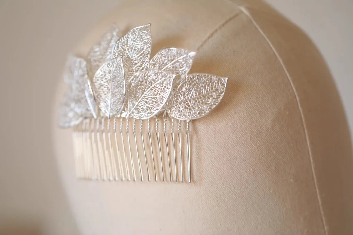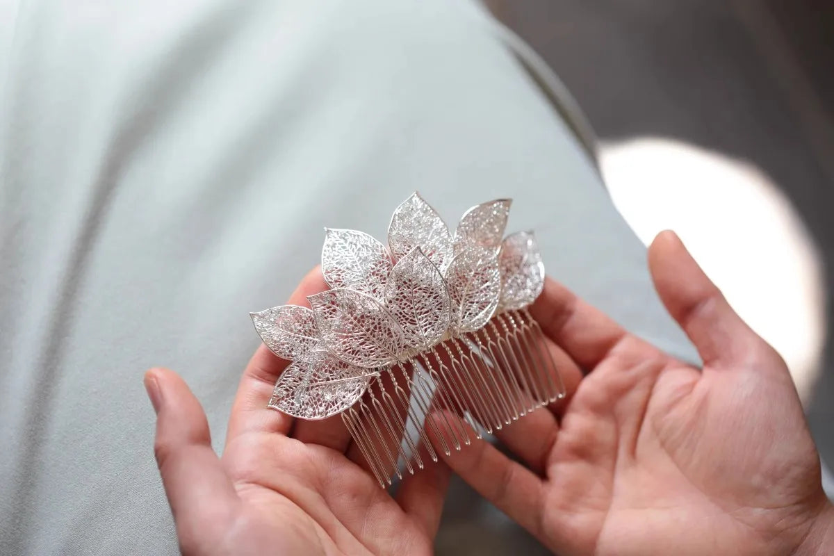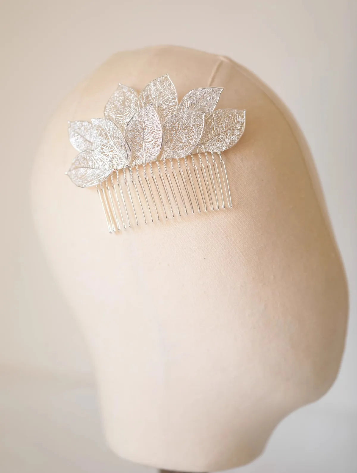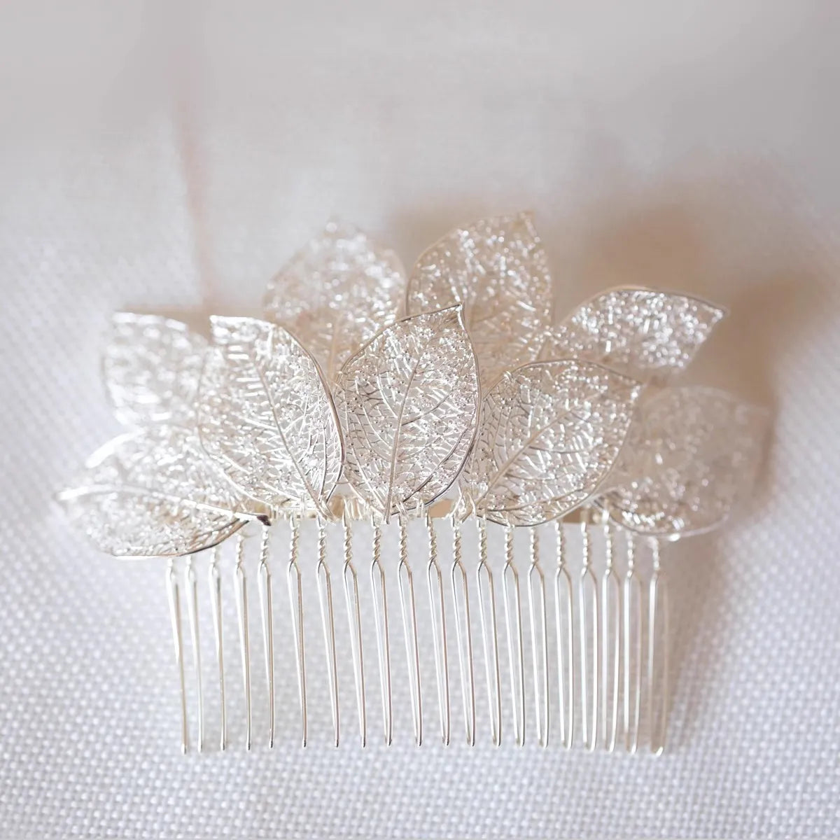 Wedding Accessories Leaf Hair Comb Pin Clip Silver Color Hairpins For Brides Women Zircon Zirconia Head Pieces Bridal Jewelry
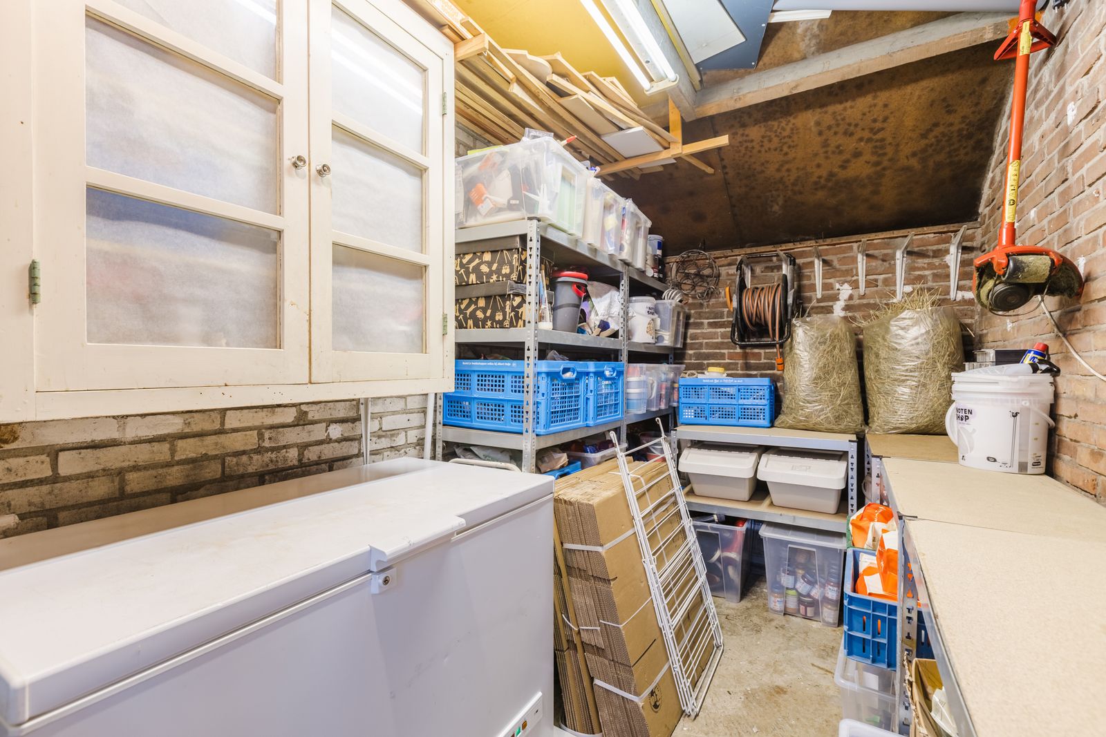 Een bijzonder sfeervolle en gezellige woonkamer met een fraaie houten vloer van brede planken. De wanden zijn strak afgewerkt, deels voorzien van een houten lambrisering en een in lichte kleuren geschilderd houten schroten plafond. De afmetingen van de raampartijen in de voor- en achtergevel zorgen voor veel lichtinval en completeren de aantrekkelijke uitstraling van deze woonkamer.
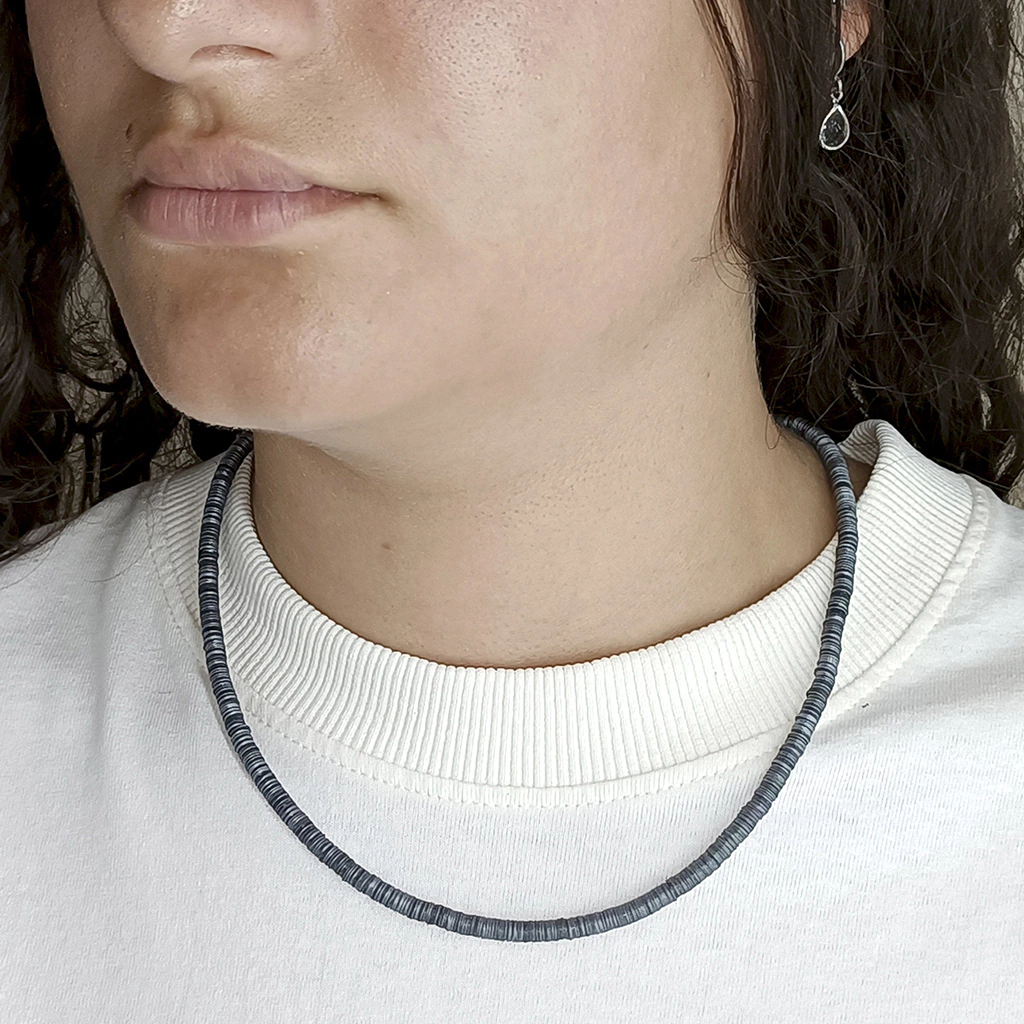 Colar com Paetês Reutilizados na cor grafite * Alex Cassimiro * Estúdio M A R C H A

—————

> Aim of the exercise: The data above must be given again in full and unaltered, minus its images.

> Answer section:
 Wedding Accessories Leaf Hair Comb Pin Clip Silver Color Hairpins For Brides Women Zircon Zirconia Head Pieces Bridal Jewelry
 Een bijzonder sfeervolle en gezellige woonkamer met een fraaie houten vloer van brede planken. De wanden zijn strak afgewerkt, deels voorzien van een houten lambrisering en een in lichte kleuren geschilderd houten schroten plafond. De afmetingen van de raampartijen in de voor- en achtergevel zorgen voor veel lichtinval en completeren de aantrekkelijke uitstraling van deze woonkamer.
 Colar com Paetês Reutilizados na cor grafite * Alex Cassimiro * Estúdio M A R C H A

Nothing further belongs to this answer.